Duncan made three appearances in first grade for the Steelers that year but eventually left mid-season, returning to Valleys where he played first and reserve grade. Duncan moved back to Mount Isa in 1984, representing the North Queensland Marlins in the Winfield State League of that season. He was instrumental in helping the Marlins become the first country side to make the finals of that particular competition. They lost to glamour Brisbane club Wynnum-Manly in the semi-final at Lang Park (22-0).

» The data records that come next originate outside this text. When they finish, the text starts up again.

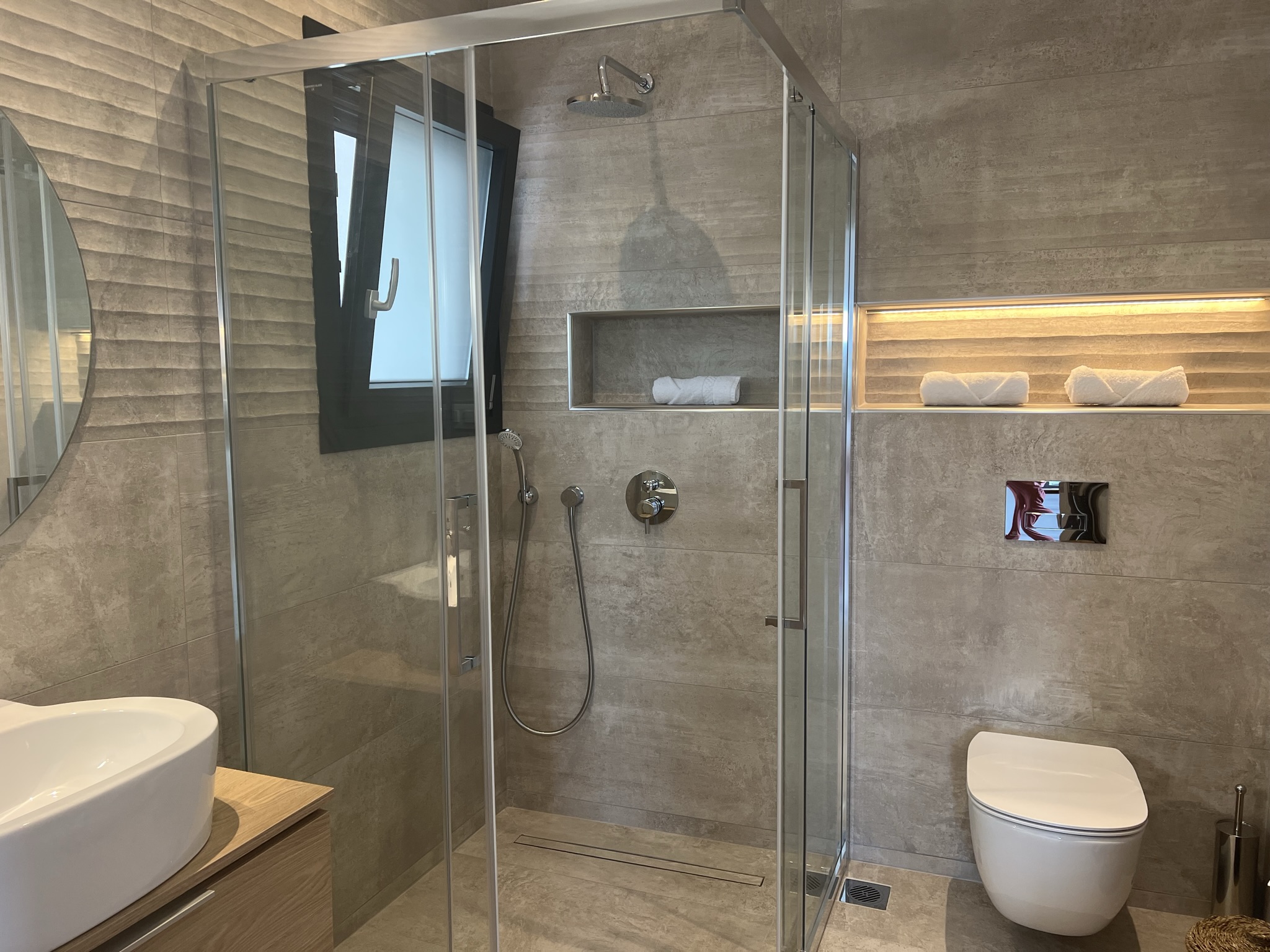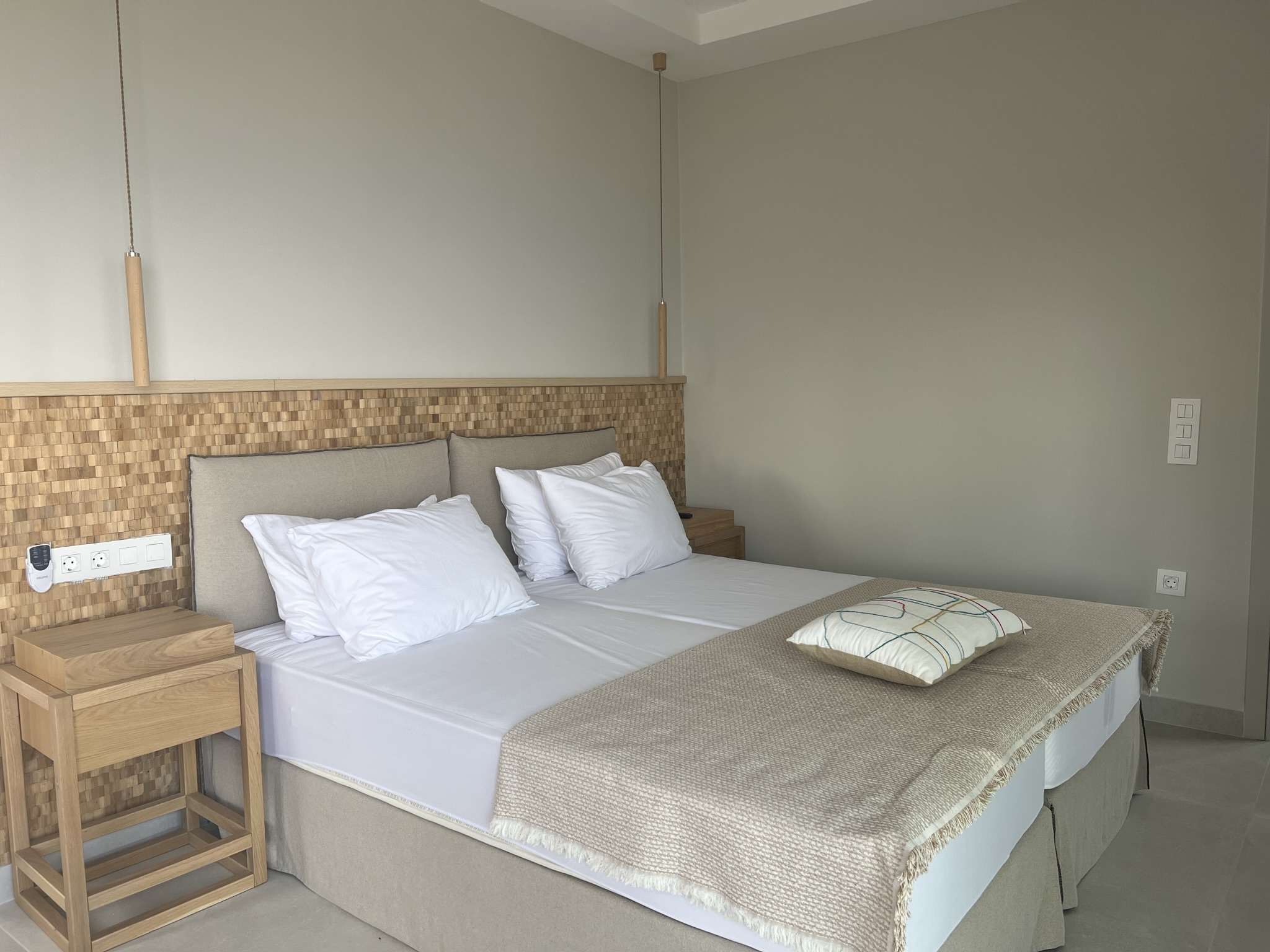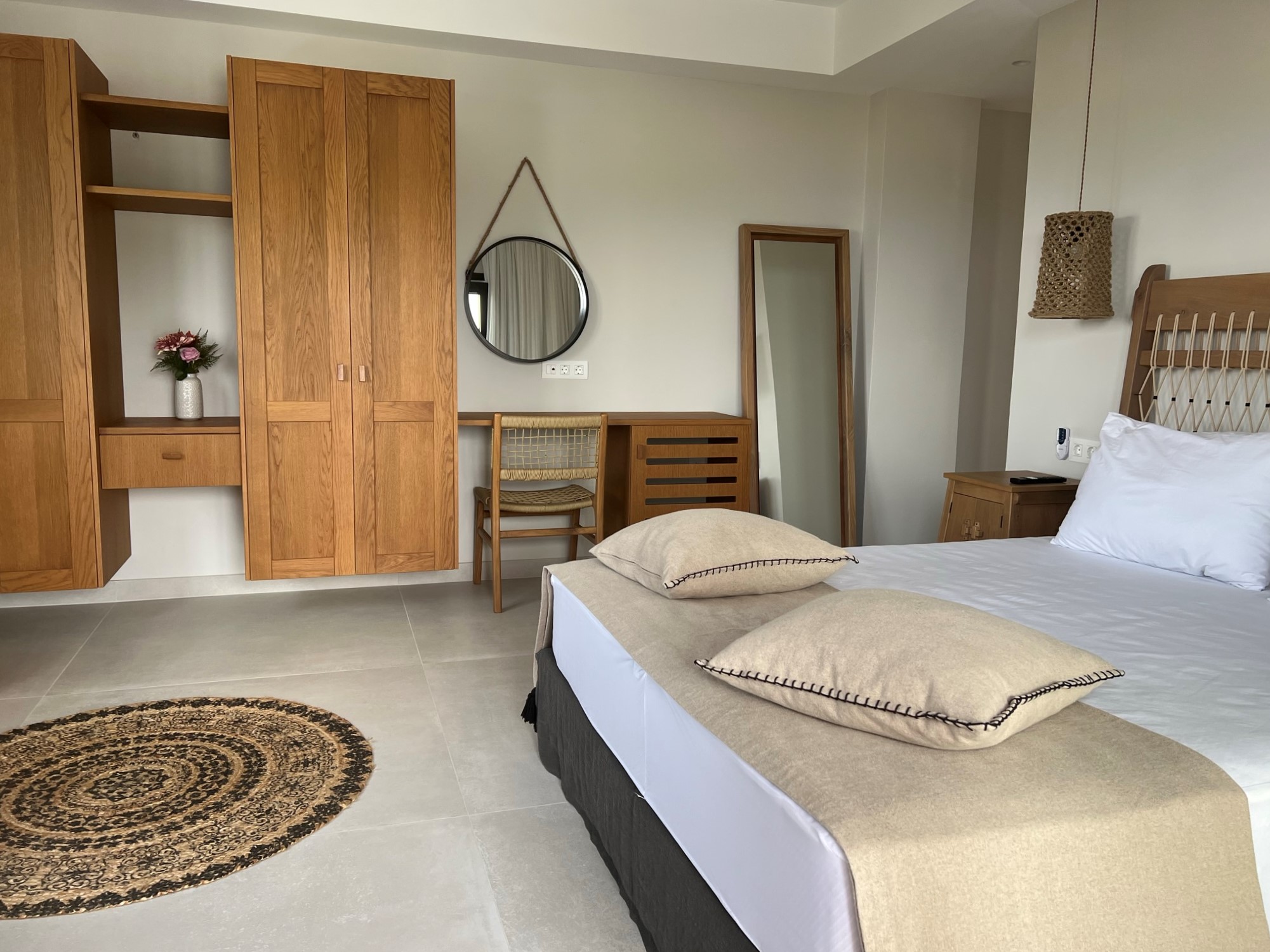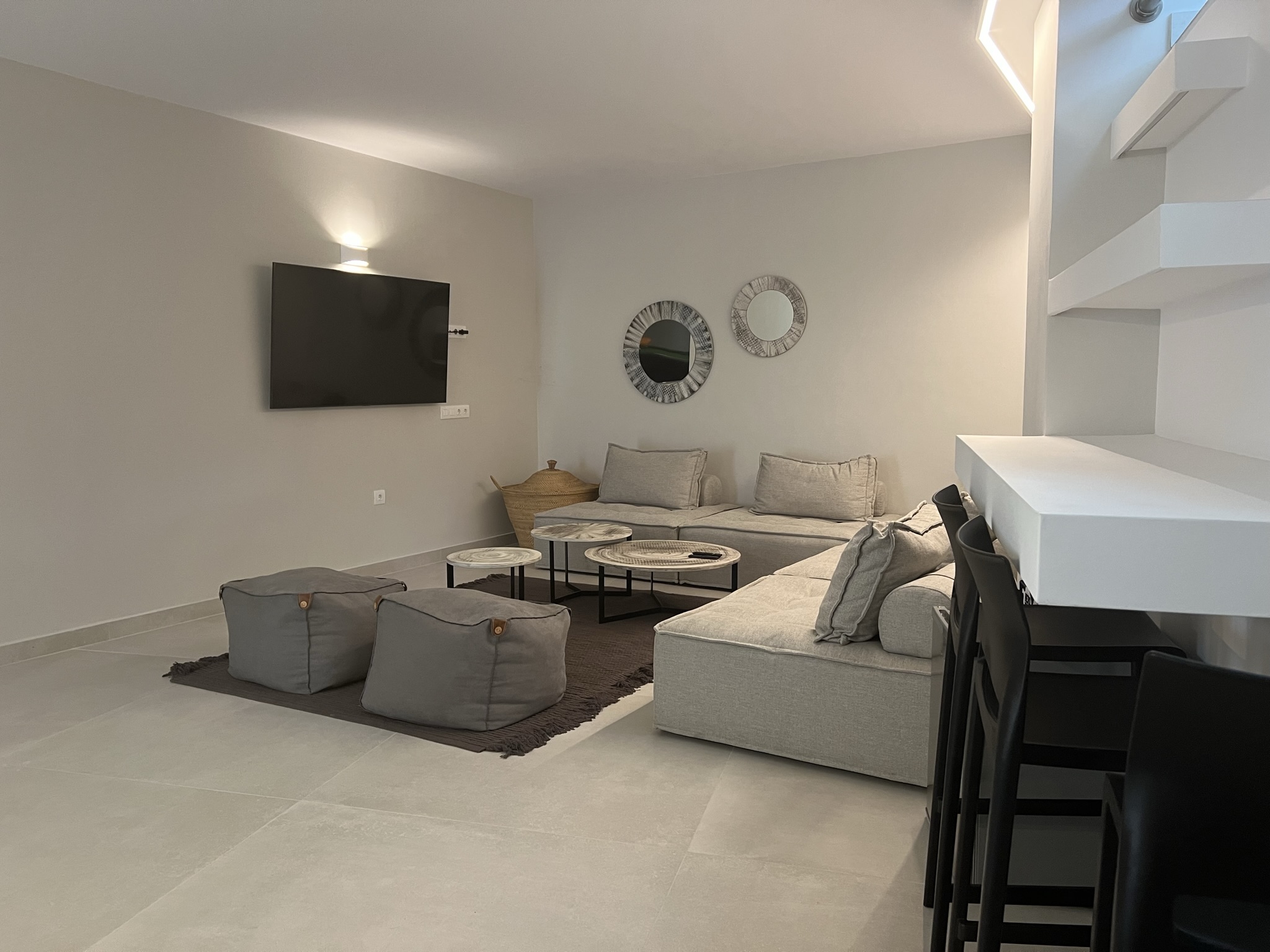 A beautifully crafted contemporary staircase leads to the two glamourous bedrooms, each with an en-suite shower room. Each room has a private balcony overlooking the pool, and one of the rooms has a second balcony to the rear of the villa.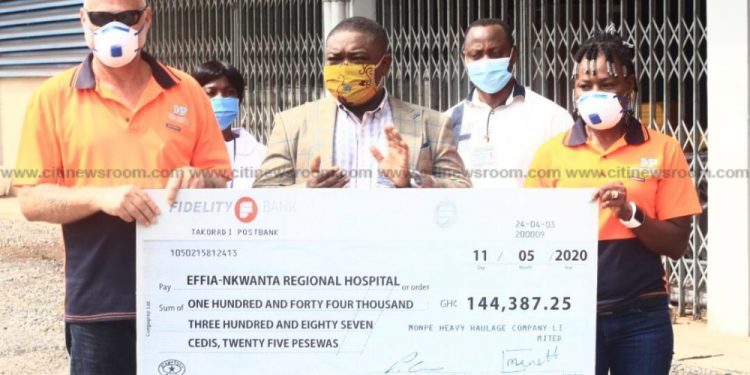 Speaking at the presentation of the cheque for GHS144,387 to the Effia-Nkwanta Regional Hospital, the General Manager of Monpe Heavy Haulage Limited, stated that the donation was their contribution to help make the community a better place for all in the wake of the COVID-19 outbreak.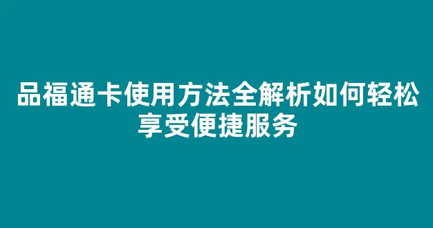 品福通卡使用方法全解析:如何轻松享受便捷服务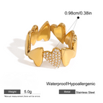 Stainless Steel 18K Gold PVD Cubic Zirconia Heart Ring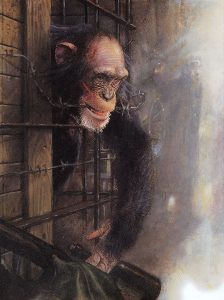 Im Zuge dieser Reduktion der Natur auf die menschlichen Bedürfnisse nimmt das Tier menschliche Züge an: Verachtung, Bosheit, Herrschsucht. Die eigene Entnatürlichung des Menschen im Prozeß der Zivilisation zwingt das Tier zur Menschwerdung. Nachdem der Mensch sich damit abgefunden hat, auch nur ein anderes Tier zu sein, beginnt das inmitten seiner künstlichen Weltordnung lebende Tier, zu einem anderen Menschen zu werden. Das Wuchern der Städte zu Megalopolen zwingt es, aus seinen verschwindenden Lebensräumen in die Zentren des Menschenlebens einzuwandern, und seine Nahrung als Abfall seiner Lebensführung zu suchen: Füchse streifen durch die Grünzonen der Siedlungen, Bären schauen über durchwühlte Mülltonnen in Küchenfenster.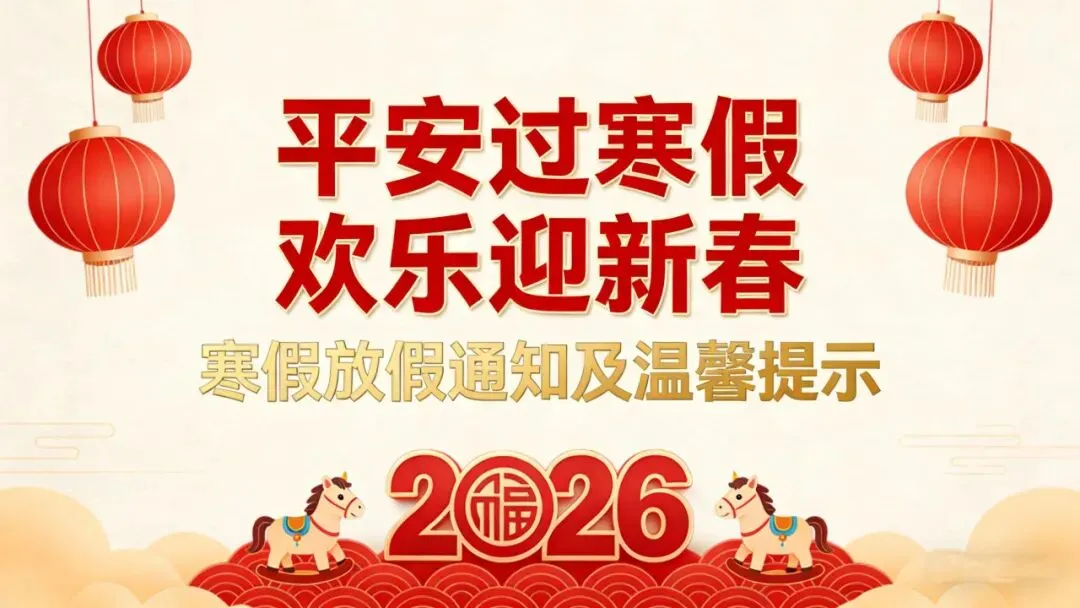在过去的一学期里,我们家校携手,凝心聚力,共同培育孩子们健康、快乐成长,东莞市翰林高级中学全体教职工向您和您的家人致以最诚挚的问候和祝福。根据东莞市教育局公布的中小学校历安排,结合我校实际情况,现将我校2026年寒假放假安排通知如下: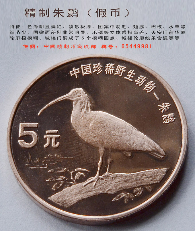 ????? ?圖紋不清??有圖案的一面,假幣的動物羽毛和翅膀等部位缺少細(xì)節(jié),華南虎幾乎不見虎須,朱鹮幾乎沒有水草,國徽年號一面更是區(qū)別非常明顯,禾穗立體感很差,天安門城樓前面的華表輪廓非常模糊幾近消失,城樓下5個門洞成了5個模糊圓點(diǎn),城樓輪廓也線條含混,這一面即使跟普制幣比,立體感和線條銳度都相差太多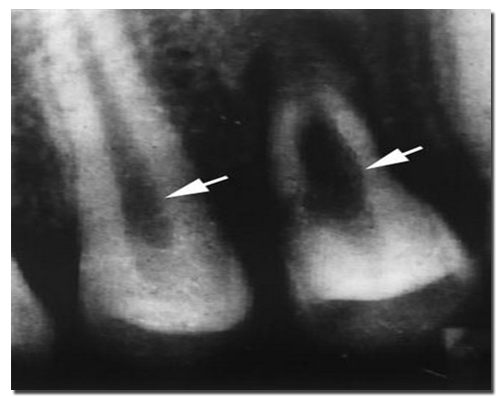有时可见吸收和修复两种情况同时存在。吸收陷窝部分或全部被修复性牙本质或骨样牙本质所替代,部分病例修复性牙本质或骨样牙本质又可出现再一次吸收。可见牙本质吸收陷窝,内有破骨细胞牙内吸收须经根管治疗去除牙髓内肉芽组织才能使吸收停止。严重牙内吸收甚至穿通牙本质和釉质或牙本质和牙骨质。
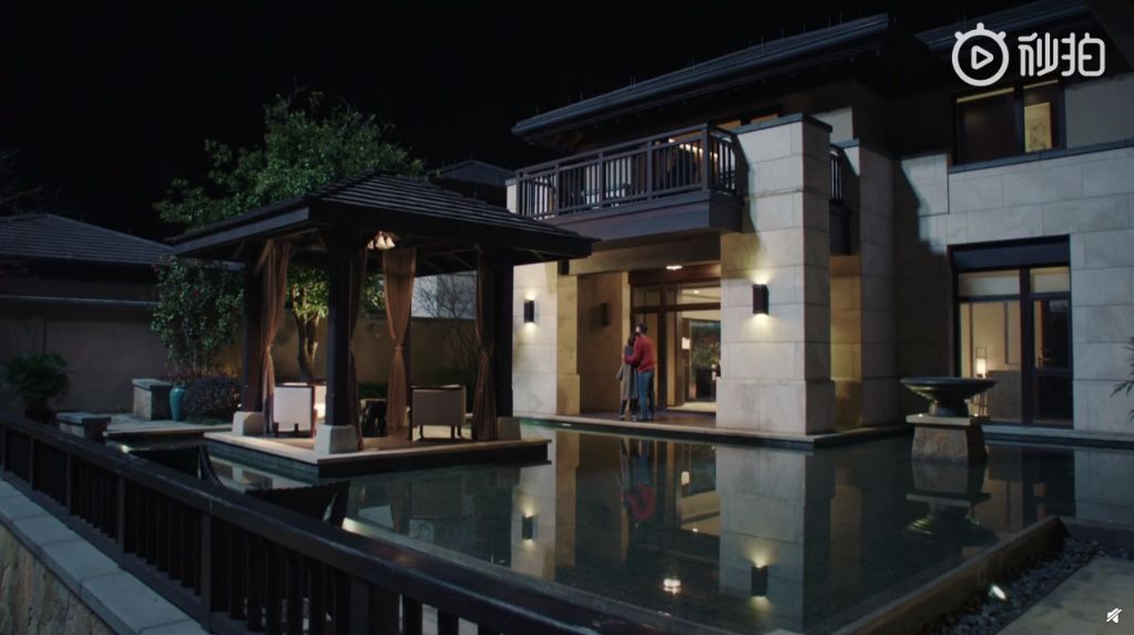 从别墅外观上看,有中式庭院的既视感。不仅有超大水池、凉亭,还有一棵高大的桂花树,古色古香,为苏明玉和石天冬花前月下提供了浪漫的意境。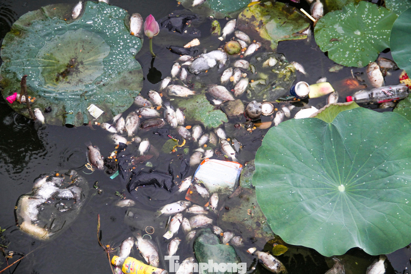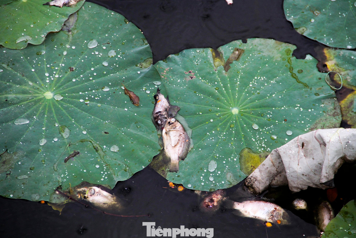 | Cá chết rất nhiều, tập trung chủ yếu khu vực có sen. Ảnh: Trương Định |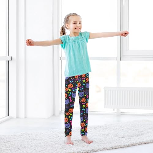 senya Girls Printed Leggings Yoga Pants Pumpkin Bone Skullbone Cat Pattern for Kids in 4t to 10 Years, 4T 7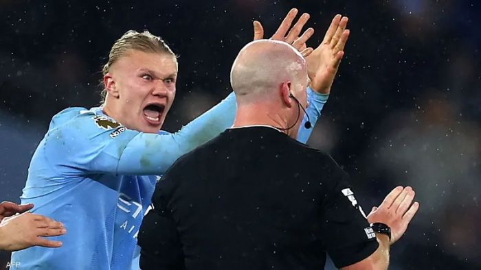 وشهدت الدقائق الأخيرة من مباراة مانشستر سيتي ضد توتنهام، اعتراض إيرلينج هالاند ضد حكم اللقاء سايمون هوبر بعد اطلاقه صافرة النهاية في هجمة مرتدة لنادي السيتي.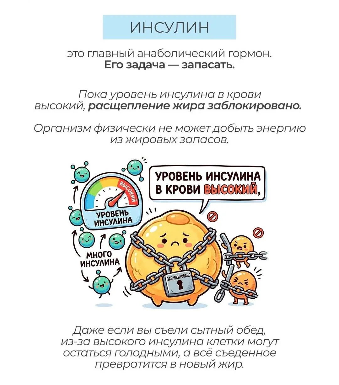 Пока уровень инсулина в крови высокий, расщепление жира заблокировано. Организм физически не может добыть энергию из жировых запасов.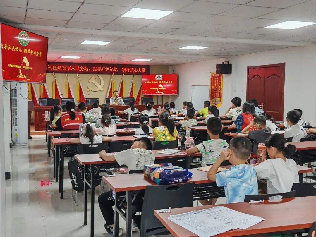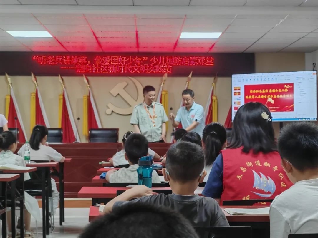 在“八一”建军节即将到来之际,安徽省荣军康复医院荣军宣讲团的优秀退役军人、荣立一等战功的老兵邵玉凯来到文昌街道翻身社区,为社区孩子们讲述亲身经历的烽火岁月,以“一老一小”的互动形式传承红色基因。

Duncan headed back to the BRL for the 1985 season where he signed with the Norths Devils. He captained the Devils that season, alternating between five-eighth and second-row. He captained the Devils on and off for the rest of his BRL career which ended in 1993 after nine-straight seasons with Norths.

He also played for a short time at London Crusaders in England.

==Career highlights==

Duncan's highlights during his time with Norths included captaining the Devils in the famous 1990 Grand Final loss to Valleys and winning the Rothmans Medal Award in 1991 for the competition's best and fairest player. He became the second 'Darryl' from Norths to win the medal, following in the footsteps of look alike Darryl Brohman. He also made the 4BC BRL Team of the 80's. Duncan once kicked a 50 m field goal after the siren to give the underdog Devils a shock 23–22 win over the then reigning BRL premiers Wynnum-Manly in a match at Bishop Park in 1985.

He returned to Mount Isa as a player-coach for local team Wanderers and in 2009 guided the club to a memorable 28–26 upset victory over Town in the A Grade grand final.